Obtaining earned media for smaller and, even mid-sized, technology brands has become harder and harder to sustain in today’s media market. In a white paper we wrote a couple years back, we equated getting covered in TechCrunch to scaling Mt. Everest. It can be done, but it’s hard, and a lot of things have to go your way for you to succeed.

The reasons are pretty obvious: there are fewer journalists than ever, more brands are competing for editorial space, and social networks are stealing an increasingly larger share of brand advertising dollars from traditional media outlets.

Unless you happen to work for a global technology brands like Apple, Amazon or Google, getting the interest of journalists in any sustainable way is virtually impossible. In short, it’s a pretty dire situation for PR agencies and their SMB tech customers. But all is not doom and gloom. There are ways to offset the challenge posed by today’s earned media realities.

Sponsored content grows in popularity

With the loss of media outlets and increased competition for editorial space, many smaller and mid-level tech brands look to sponsored content as a way to keep a sustained media presence. The simple fact is a majority of SMB tech brands lack enough newsworthy stories to consistently break through the noise. Further proof of sponsored content’s growing popularity comes from the 2017 B2B Content Marketing report from Content Marketing Institute and MarketingProfs, which says that 41% of US B2B companies used sponsored content (including native advertising). That’s not to say you should jettison earned media. There are still many opportunities to grab your fair share of news coverage: product launches, company milestones, executive hires, geographic expansion, etc. They simply need to be part of a larger media strategy.

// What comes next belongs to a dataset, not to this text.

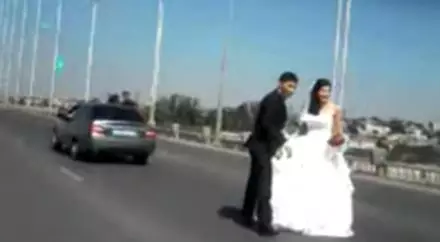 Пока новобрачные занимались съемкой свадебного ролика, на дороге образовалась огромная пробка. Один из возмущенных водителей запечатлел инцидент на камеру мобильного телефона.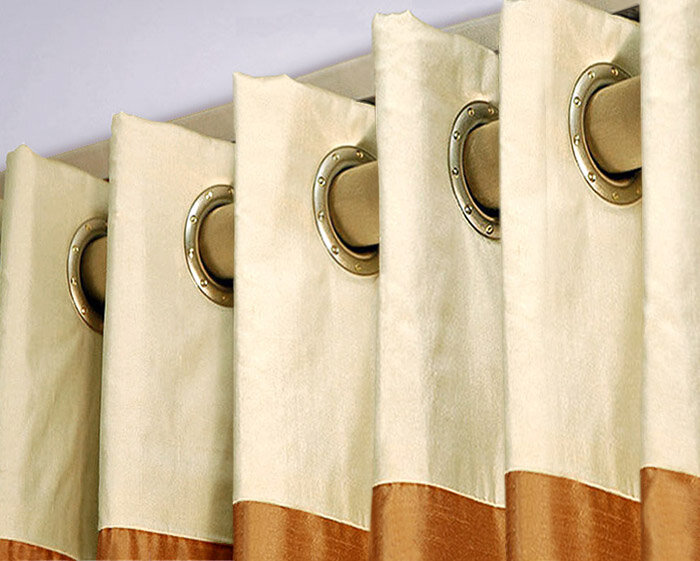 Кольца Они надеваются на карниз, а сама штора крепится к кольцу при помощи крючков и тесьмы. Принцип крепления схож с предыдущим, разница лишь во внешнем виде и в том, что кольца немного нарушают стройную драпировку самой тесьмы. Люверсы Ими называю

Sponsored content provides a way to get, and keep, your key messages in front of a highly-targeted audience. With any luck, you may see your earned media and sponsored content placed in the same media outlet, providing you with an even greater brand boost and stream of inbound web traffic.

Here’s one example of a kind of sponsored content is this press release on VentureBeat, which is purchased as part of a wire distribution package through Business Wire.

In short, with a fairly predictable cost, sponsored content gives you far more opportunities to get in front of a desirable audience than if you were to only pursue earned media. Granted, many will view a sponsored post differently than they would an actual article written by a journalist. That’s why it’s important to layer your earned media outreach with sponsored content rather than rely solely upon it.

Kinds of sponsored content vary

There are many kinds of sponsored content for companies to leverage. One approach is to have the media outlet produce content that fits your brand image. This should not be confused with an advertorial, which is content created by the brand (or its ad agency) and mimics editorial content but with a more pronounced sales pitch. Advertorials have a negative connotation in many consumers’ minds and are often viewed as more deceptive than other forms of sponsored content.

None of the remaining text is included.